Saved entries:
>>>

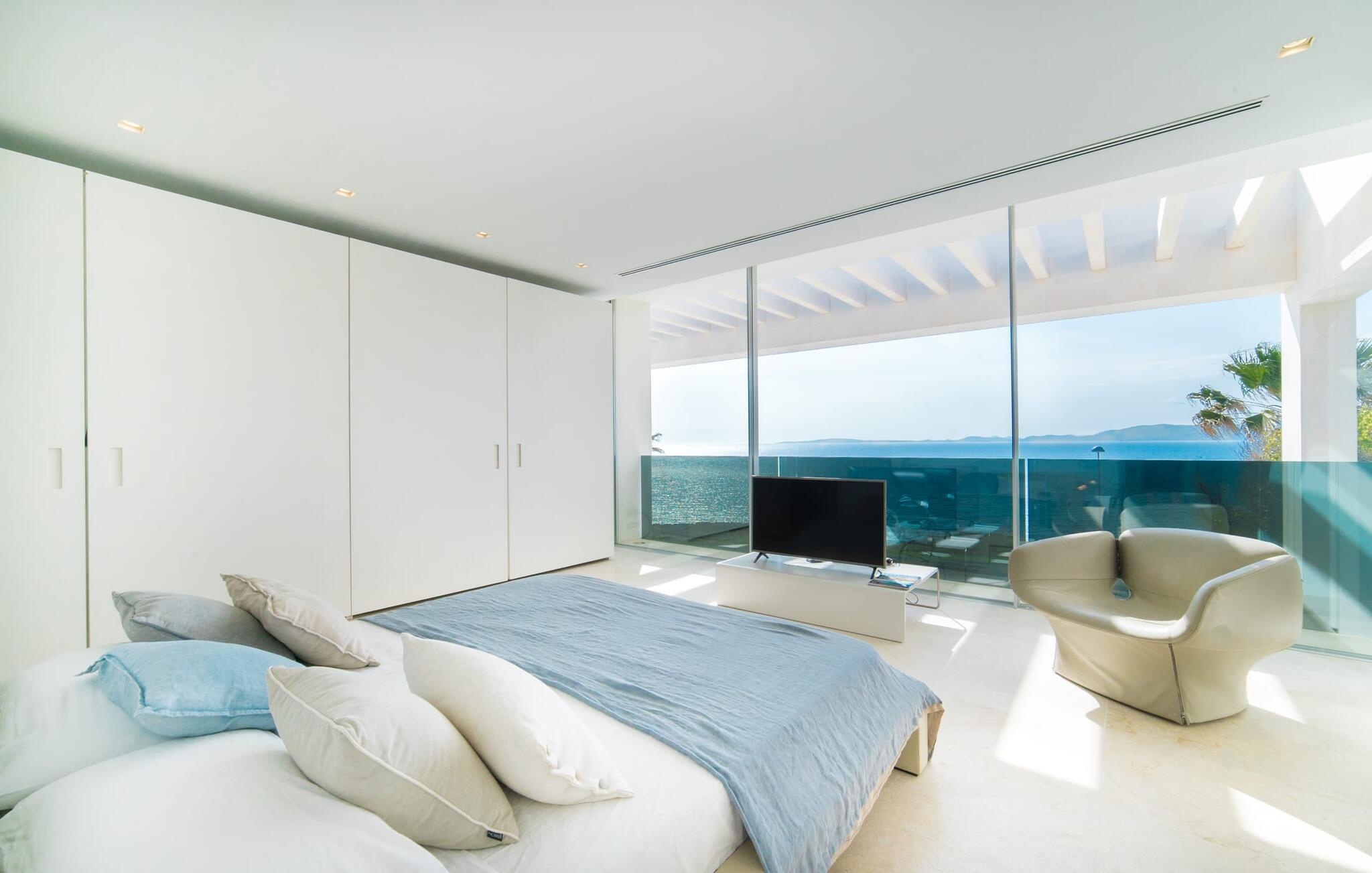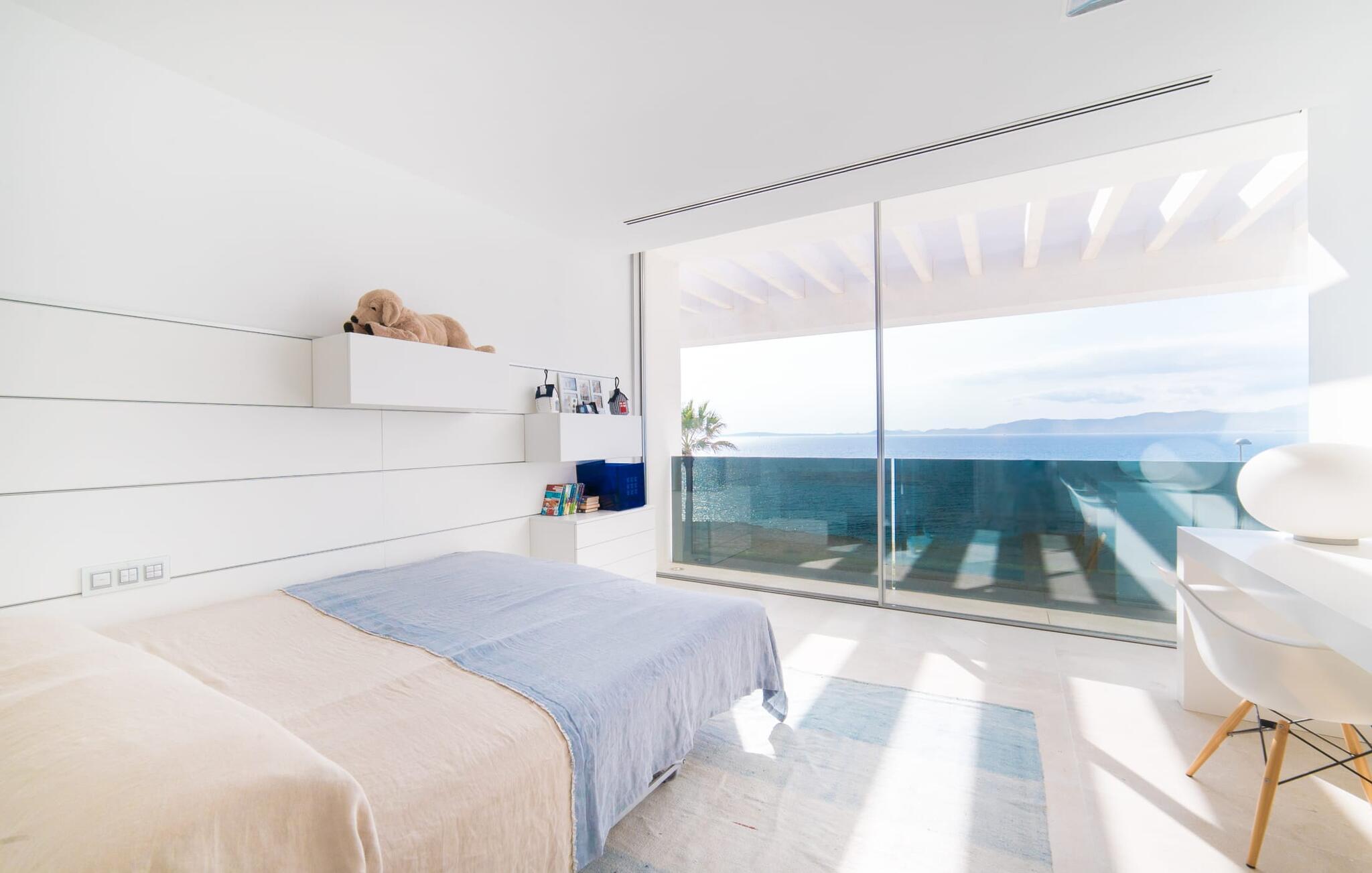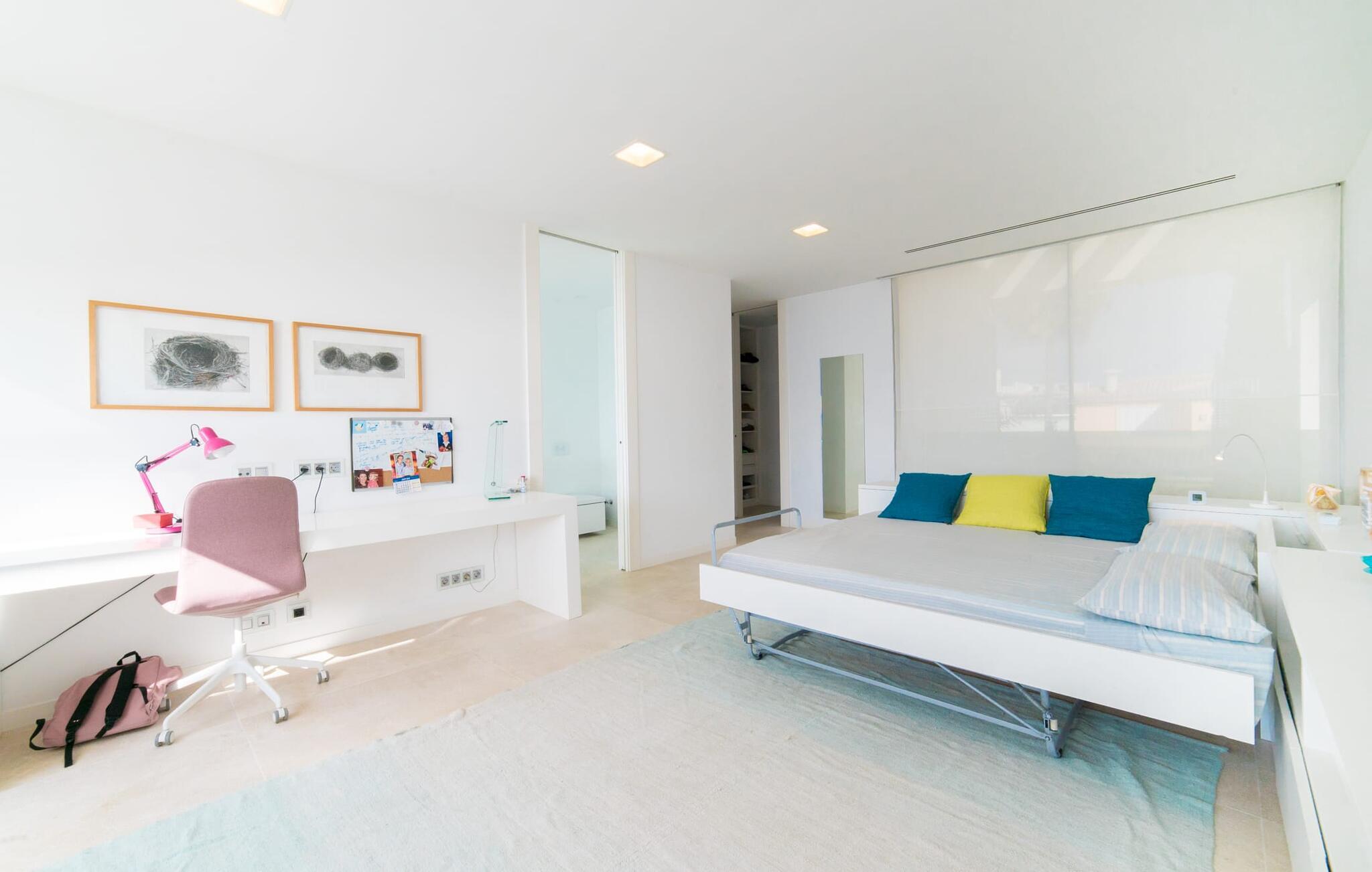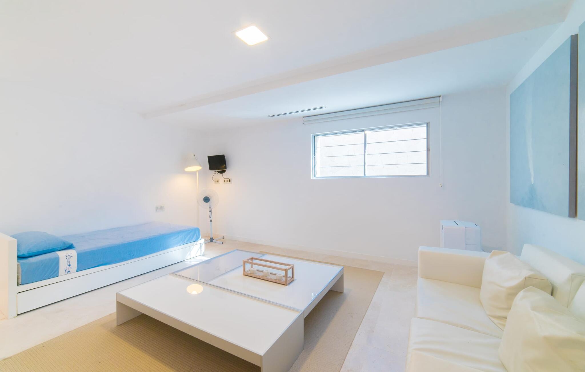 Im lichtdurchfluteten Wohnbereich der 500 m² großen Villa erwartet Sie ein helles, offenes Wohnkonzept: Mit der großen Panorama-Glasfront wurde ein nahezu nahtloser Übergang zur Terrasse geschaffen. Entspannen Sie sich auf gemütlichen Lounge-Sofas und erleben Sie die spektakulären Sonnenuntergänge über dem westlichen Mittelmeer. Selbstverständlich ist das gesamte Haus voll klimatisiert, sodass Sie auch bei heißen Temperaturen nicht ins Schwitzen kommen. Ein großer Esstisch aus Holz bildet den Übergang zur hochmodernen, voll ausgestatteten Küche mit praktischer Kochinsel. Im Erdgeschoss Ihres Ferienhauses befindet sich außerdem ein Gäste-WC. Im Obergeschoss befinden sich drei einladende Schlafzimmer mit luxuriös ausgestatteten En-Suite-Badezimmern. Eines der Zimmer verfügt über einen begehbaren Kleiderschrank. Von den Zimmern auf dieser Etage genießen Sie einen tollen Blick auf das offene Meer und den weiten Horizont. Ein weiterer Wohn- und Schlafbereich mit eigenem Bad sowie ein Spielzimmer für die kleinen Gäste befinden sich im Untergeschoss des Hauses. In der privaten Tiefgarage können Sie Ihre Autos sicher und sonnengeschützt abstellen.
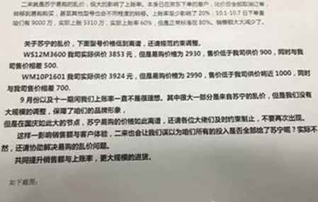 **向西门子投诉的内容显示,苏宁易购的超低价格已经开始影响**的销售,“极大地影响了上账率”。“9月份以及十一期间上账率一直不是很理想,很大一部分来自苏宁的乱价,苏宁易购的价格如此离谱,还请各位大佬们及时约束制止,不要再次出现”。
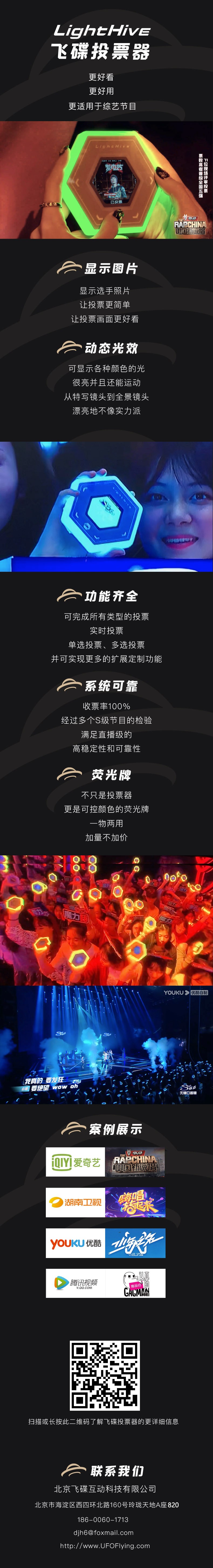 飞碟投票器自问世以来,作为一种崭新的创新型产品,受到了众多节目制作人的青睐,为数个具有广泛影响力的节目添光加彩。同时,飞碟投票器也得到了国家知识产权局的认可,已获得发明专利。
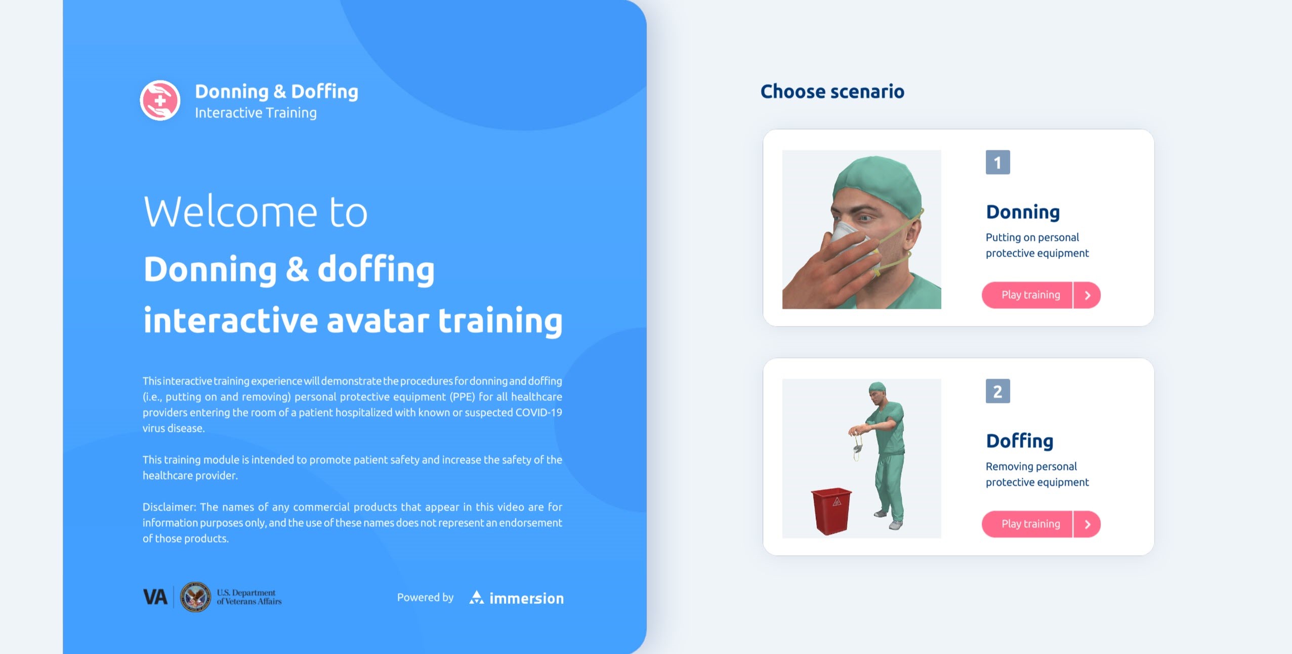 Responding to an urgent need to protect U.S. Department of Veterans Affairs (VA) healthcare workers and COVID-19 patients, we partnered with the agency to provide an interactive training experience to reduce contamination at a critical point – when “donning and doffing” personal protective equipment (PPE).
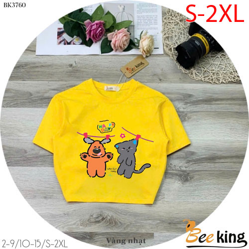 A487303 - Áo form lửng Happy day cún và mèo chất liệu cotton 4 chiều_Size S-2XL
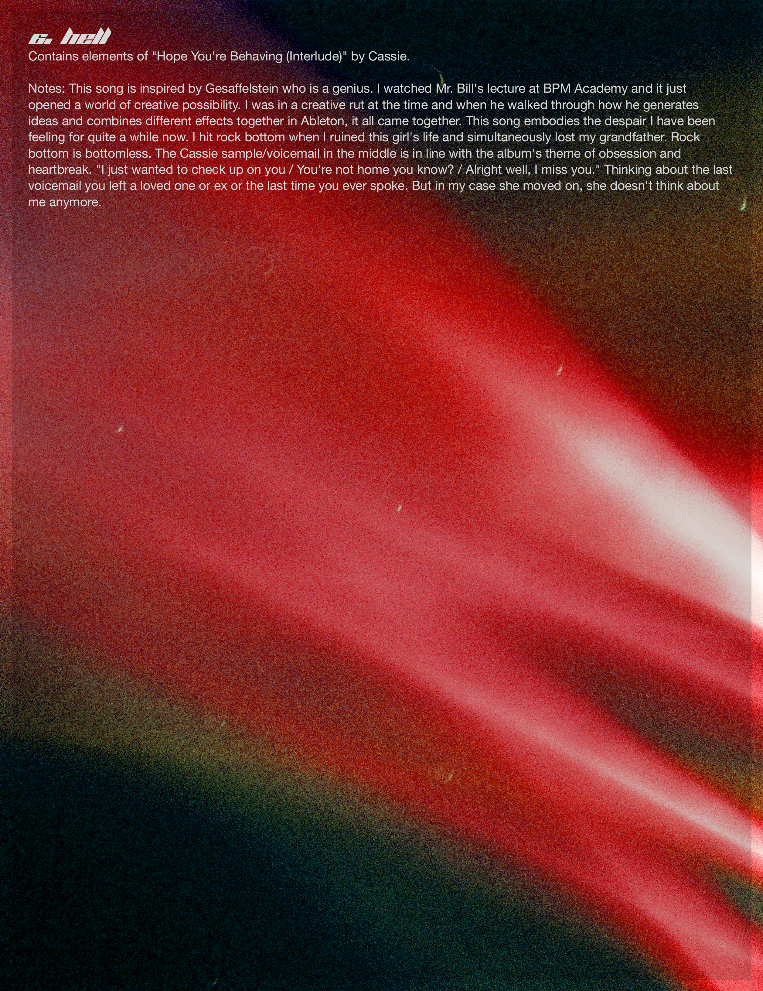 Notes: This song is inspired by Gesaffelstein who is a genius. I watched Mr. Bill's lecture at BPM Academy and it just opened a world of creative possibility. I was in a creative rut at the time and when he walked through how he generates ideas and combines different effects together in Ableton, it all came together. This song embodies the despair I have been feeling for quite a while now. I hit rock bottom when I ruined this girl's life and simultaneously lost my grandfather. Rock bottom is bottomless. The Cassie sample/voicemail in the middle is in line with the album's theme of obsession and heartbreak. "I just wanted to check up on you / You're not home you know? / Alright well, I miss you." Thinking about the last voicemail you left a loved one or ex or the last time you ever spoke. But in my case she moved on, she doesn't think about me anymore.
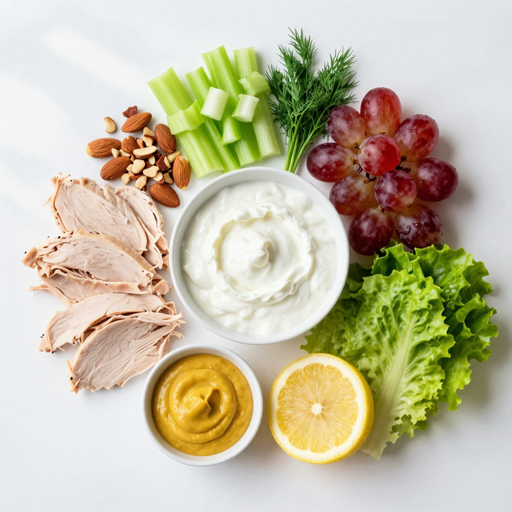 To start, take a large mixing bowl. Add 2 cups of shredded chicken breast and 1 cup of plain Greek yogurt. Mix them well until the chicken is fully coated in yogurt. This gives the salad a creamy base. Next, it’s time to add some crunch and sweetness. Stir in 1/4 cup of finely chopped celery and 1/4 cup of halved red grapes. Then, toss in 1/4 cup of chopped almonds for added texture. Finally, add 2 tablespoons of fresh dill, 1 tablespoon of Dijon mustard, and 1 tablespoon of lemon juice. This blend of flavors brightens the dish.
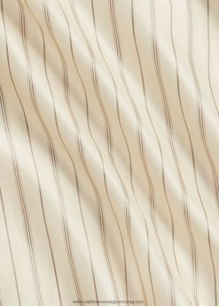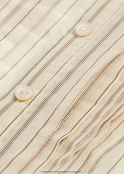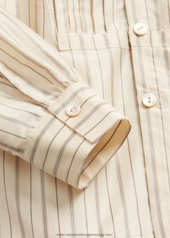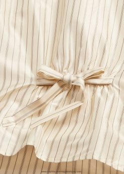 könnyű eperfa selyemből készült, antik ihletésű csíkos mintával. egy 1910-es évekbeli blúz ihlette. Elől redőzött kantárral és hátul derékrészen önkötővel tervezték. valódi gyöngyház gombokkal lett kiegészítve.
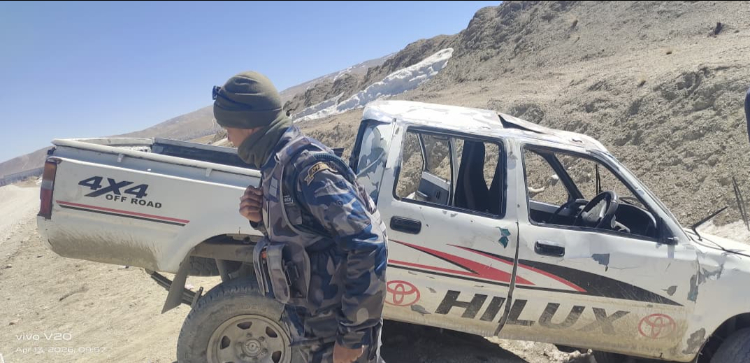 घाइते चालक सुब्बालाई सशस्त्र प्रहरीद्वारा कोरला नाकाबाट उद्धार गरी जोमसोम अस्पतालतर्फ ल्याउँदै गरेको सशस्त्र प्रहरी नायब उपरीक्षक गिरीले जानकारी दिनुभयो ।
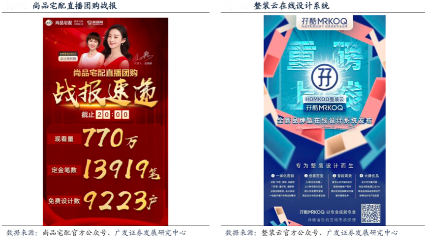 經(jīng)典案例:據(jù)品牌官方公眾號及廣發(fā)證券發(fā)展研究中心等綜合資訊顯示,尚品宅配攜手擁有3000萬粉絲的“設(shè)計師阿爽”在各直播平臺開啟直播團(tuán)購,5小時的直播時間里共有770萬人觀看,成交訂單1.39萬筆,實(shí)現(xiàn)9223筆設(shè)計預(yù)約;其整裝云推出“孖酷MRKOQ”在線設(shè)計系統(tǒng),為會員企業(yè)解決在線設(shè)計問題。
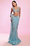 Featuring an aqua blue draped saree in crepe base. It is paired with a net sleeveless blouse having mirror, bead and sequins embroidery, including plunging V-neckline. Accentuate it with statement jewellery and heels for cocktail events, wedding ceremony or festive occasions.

<<<

TASK OBJECTIVE:
Reproduce every record exactly; images stay out.

EXPECTED OUTPUT:
 Im lichtdurchfluteten Wohnbereich der 500 m² großen Villa erwartet Sie ein helles, offenes Wohnkonzept: Mit der großen Panorama-Glasfront wurde ein nahezu nahtloser Übergang zur Terrasse geschaffen. Entspannen Sie sich auf gemütlichen Lounge-Sofas und erleben Sie die spektakulären Sonnenuntergänge über dem westlichen Mittelmeer. Selbstverständlich ist das gesamte Haus voll klimatisiert, sodass Sie auch bei heißen Temperaturen nicht ins Schwitzen kommen. Ein großer Esstisch aus Holz bildet den Übergang zur hochmodernen, voll ausgestatteten Küche mit praktischer Kochinsel. Im Erdgeschoss Ihres Ferienhauses befindet sich außerdem ein Gäste-WC. Im Obergeschoss befinden sich drei einladende Schlafzimmer mit luxuriös ausgestatteten En-Suite-Badezimmern. Eines der Zimmer verfügt über einen begehbaren Kleiderschrank. Von den Zimmern auf dieser Etage genießen Sie einen tollen Blick auf das offene Meer und den weiten Horizont. Ein weiterer Wohn- und Schlafbereich mit eigenem Bad sowie ein Spielzimmer für die kleinen Gäste befinden sich im Untergeschoss des Hauses. In der privaten Tiefgarage können Sie Ihre Autos sicher und sonnengeschützt abstellen.
 **向西门子投诉的内容显示,苏宁易购的超低价格已经开始影响**的销售,“极大地影响了上账率”。“9月份以及十一期间上账率一直不是很理想,很大一部分来自苏宁的乱价,苏宁易购的价格如此离谱,还请各位大佬们及时约束制止,不要再次出现”。
 飞碟投票器自问世以来,作为一种崭新的创新型产品,受到了众多节目制作人的青睐,为数个具有广泛影响力的节目添光加彩。同时,飞碟投票器也得到了国家知识产权局的认可,已获得发明专利。
 Responding to an urgent need to protect U.S. Department of Veterans Affairs (VA) healthcare workers and COVID-19 patients, we partnered with the agency to provide an interactive training experience to reduce contamination at a critical point – when “donning and doffing” personal protective equipment (PPE).
 A487303 - Áo form lửng Happy day cún và mèo chất liệu cotton 4 chiều_Size S-2XL
 Notes: This song is inspired by Gesaffelstein who is a genius. I watched Mr. Bill's lecture at BPM Academy and it just opened a world of creative possibility. I was in a creative rut at the time and when he walked through how he generates ideas and combines different effects together in Ableton, it all came together. This song embodies the despair I have been feeling for quite a while now. I hit rock bottom when I ruined this girl's life and simultaneously lost my grandfather. Rock bottom is bottomless. The Cassie sample/voicemail in the middle is in line with the album's theme of obsession and heartbreak. "I just wanted to check up on you / You're not home you know? / Alright well, I miss you." Thinking about the last voicemail you left a loved one or ex or the last time you ever spoke. But in my case she moved on, she doesn't think about me anymore.
 To start, take a large mixing bowl. Add 2 cups of shredded chicken breast and 1 cup of plain Greek yogurt. Mix them well until the chicken is fully coated in yogurt. This gives the salad a creamy base. Next, it’s time to add some crunch and sweetness. Stir in 1/4 cup of finely chopped celery and 1/4 cup of halved red grapes. Then, toss in 1/4 cup of chopped almonds for added texture. Finally, add 2 tablespoons of fresh dill, 1 tablespoon of Dijon mustard, and 1 tablespoon of lemon juice. This blend of flavors brightens the dish.
 könnyű eperfa selyemből készült, antik ihletésű csíkos mintával. egy 1910-es évekbeli blúz ihlette. Elől redőzött kantárral és hátul derékrészen önkötővel tervezték. valódi gyöngyház gombokkal lett kiegészítve.
 घाइते चालक सुब्बालाई सशस्त्र प्रहरीद्वारा कोरला नाकाबाट उद्धार गरी जोमसोम अस्पतालतर्फ ल्याउँदै गरेको सशस्त्र प्रहरी नायब उपरीक्षक गिरीले जानकारी दिनुभयो ।
 經(jīng)典案例:據(jù)品牌官方公眾號及廣發(fā)證券發(fā)展研究中心等綜合資訊顯示,尚品宅配攜手擁有3000萬粉絲的“設(shè)計師阿爽”在各直播平臺開啟直播團(tuán)購,5小時的直播時間里共有770萬人觀看,成交訂單1.39萬筆,實(shí)現(xiàn)9223筆設(shè)計預(yù)約;其整裝云推出“孖酷MRKOQ”在線設(shè)計系統(tǒng),為會員企業(yè)解決在線設(shè)計問題。
 Featuring an aqua blue draped saree in crepe base. It is paired with a net sleeveless blouse having mirror, bead and sequins embroidery, including plunging V-neckline. Accentuate it with statement jewellery and heels for cocktail events, wedding ceremony or festive occasions.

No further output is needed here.